Cryptocurrency has a relatively short history, as Bitcoin (BTC), the first decentralized digital coin, was only released in 2009. Within a decade, however, this medium of exchange has grown tremendously. Tens of thousands of cryptocurrencies have been released after BTC, and these digital coins are now considered to be a regular component of a well-balanced portfolio.
In fact, the demand for cryptocurrencies has grown considerably lately. According to a 2021 CNBC survey, 1 in 10 people have invested in cryptocurrency, and 65% of the respondents have gotten into this asset class just last year.
If you’re interested in trading cryptocurrency or investing in it to build your source of passive income, you’re not alone. Still, it’s important to do your research first before you commit a portion of your resources to buying and selling cryptocurrencies. Here are some of the pointers you should remember when trading in digital coins.
Before Making an Investment
It’s important to be fully aware of the risks and rewards of trading in cryptocurrencies before you get started. Compared to stocks and other types of assets, trading in digital coins is considered riskier, yet it also comes with greater rewards. Also, cryptocurrencies occupy a gray area in terms of asset classification, as it’s still fairly new to the scene and the laws in some places have not quite kept up with the technological advances in the financial sector. You need to determine how these assets are considered in your area so that you know how much you have to pay in taxes, if any.
Next, choose the currency you want to invest in. Study your options and choose the coin that piques your interest or shows much promise as an investment. Then, set how much money you want to spend on trading.
Before buying coins, you also need to have the right tools. If you’re buying and selling Monero (XMR), for example, you need to have a Monero wallet where you can store the coins you buy. Aside from this, you should also familiarize yourself with exchanges that specifically deal with cryptocurrencies. Functioning like the NYSE or ASX, these exchanges—which can come in the form of an application or a website—enable you to buy or sell digital coins.
Be careful when choosing crypto wallets or exchanges, though, and make sure you’ve taken a close look at your options before you make a commitment with your money. The cryptocurrency scene has exploded in popularity in the past years, so there are scammers here and there who are taking advantage of other people’s lack of experience in trading.
Buying and Selling Crypto
Now that you’ve chosen a specific cryptocurrency and set up your wallet and crypto exchange account, you’re ready to get started in trading. The first thing you need to do is buy your target coins. You can do this by heading to your preferred exchange and purchasing tokens that belong to major cryptocurrencies, such as BTC, Ethereum (ETH), or Litecoin (LTC), and exchanging these with your preferred digital coin.
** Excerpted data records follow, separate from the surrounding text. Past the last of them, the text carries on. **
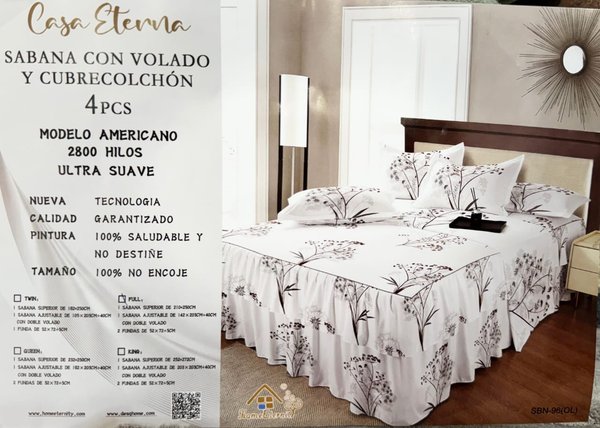 Dale un toque de sofisticación suprema a tu dormitorio con nuestro exclusivo set de Sábana con Volado y Cubrecolchón de 3 piezas de la línea Modelo Americano. Un diseño que transforma tu cama en el centro de todas las miradas.💎 Detalles de Lujo y Confort:2800 Hilos: Disfruta de una suavidad ULTRA SUAVE al tacto, ideal para un descanso reparador y de alta calidad.Volado con Elegancia: Su diseño con Volado Doble (Cama Falda) cubre la base de tu colchón perfectamente, brindando un acabado impecable y un estilo romántico/clásico.Garantía Total: Fabricado con Nueva Tecnología y Pintura 100% Saludable que NO DESTIÑE.Durabilidad: Su material de alta calidad está garantizado para NO ENCOGER con los lavados.📦 Tu Set Completo Incluye:Sábana Ajustable con VoladoCubrecolchónFundas de Almohada (La cantidad varía según el tamaño)📏 ¡Encuentra tu Tamaño Ideal!Disponible en TWIN, FULL, QUEEN y KING.✨ ¡Elige la excelencia de Casa Eterna para tu descanso! ✨🎨 ¡Explora Toda Nuestra Colección! 🎨Tenemos más diseños, colores y estampados disponibles para que combines a la perfección con la decoración de tu hogar. ¡Pregúntanos y crea el santuario de descanso perfecto!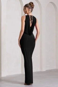 Night To Remember | Black Open-Back Split Maxi Dress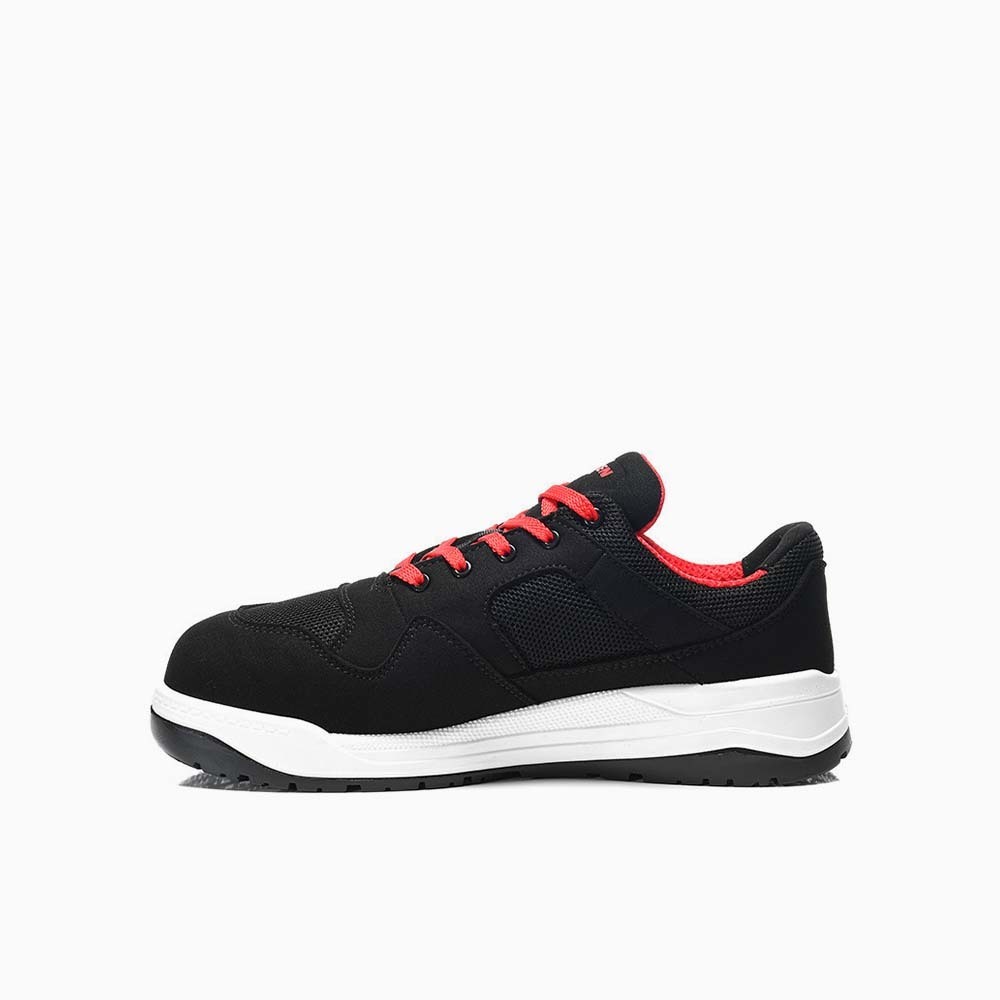 More power on the instep Once a fan of our ELTEN Lakers, always a fan of our Lakers. You can understand that, because the LAKERS M black Low ESD S1P also has a lot that makes it a real favorite safety shoe. Very sporty in design, thanks to its double PU outsole, sure-footed and excellent cushioning, cool black-white-red look and also very manoeuvrable and very safe. What's more: the SRC-certified safety shoe has what is known as metatarsal protection. An advanced impact protection that covers the instep of the foot. This makes the foot even safer overall. You can't see it because it works on the inside, but you can feel it when something falls on the middle foot. In other words, you don't actually feel anything. These Lakers are comfortable to wear anyway, because the upper material made of microfiber and mesh is very comfortable and elastic. The lining made of breathable textile ensures wearing comfort and a consistently good interior climate. Metal-free penetration protection makes the shoe nice and light and protects it against sharp objects at the bottom. And the plastic cap is great for securely covering the front toe area. The ESD-compatible shoe is available in sizes 39 to 49. Equipment - LAKERS M black Low ESD S1P:

The tokens you buy should be stored in your chosen wallet, and these will remain there until you choose to use them or sell them to other traders.
Many people who deal with crypto are active traders, meaning they make a profit by buying low and selling high. Others hold on to their currencies for longer terms and sell their coins once they’ve met their financial goals. If you’re more of the former, you must be able to make accurate predictions about the price of the currency you have and sell your coins once the price has reached its peak. If you’re more of the latter, you should invest your money in currencies that show long-term promise and may be more in-demand in the future. It’s also possible to buy and sell using a portion of your crypto coins while saving part of it that you can sell later on once it’s time for you to cash out.
Setting Up Your Stop and Trade Plans
Just like other types of investments, cryptocurrencies should also be used to reach a financial goal. The market is quite volatile, and this can be a bane or a boon for a trader. You should decide on the signs that determine when it’s time to throw in the towel. If your coin’s value drops below a predetermined amount, you can take that as a sign that you should sell to minimize your losses.
In the same vein, you should also set goals for your investment. How much should the currency sell for you to consider that it’s the best time to cash in? Deciding on these numbers can help you make decisions in a timely manner once the value of the coins dips or rises beyond your expectations.
Buying and selling cryptocurrencies is an exhilarating process, as the price of your preferred coinage can dip and rise multiple times in a single day. Also, many cryptocurrencies receive updates from time to time, and this can affect the demand for these tokens. For many investors, this only ups the ante and makes trading in crypto much more exciting. Still, it’s a smart choice to follow your strategy over your feelings when buying and selling crypto—much like how you would when trading stocks and shares.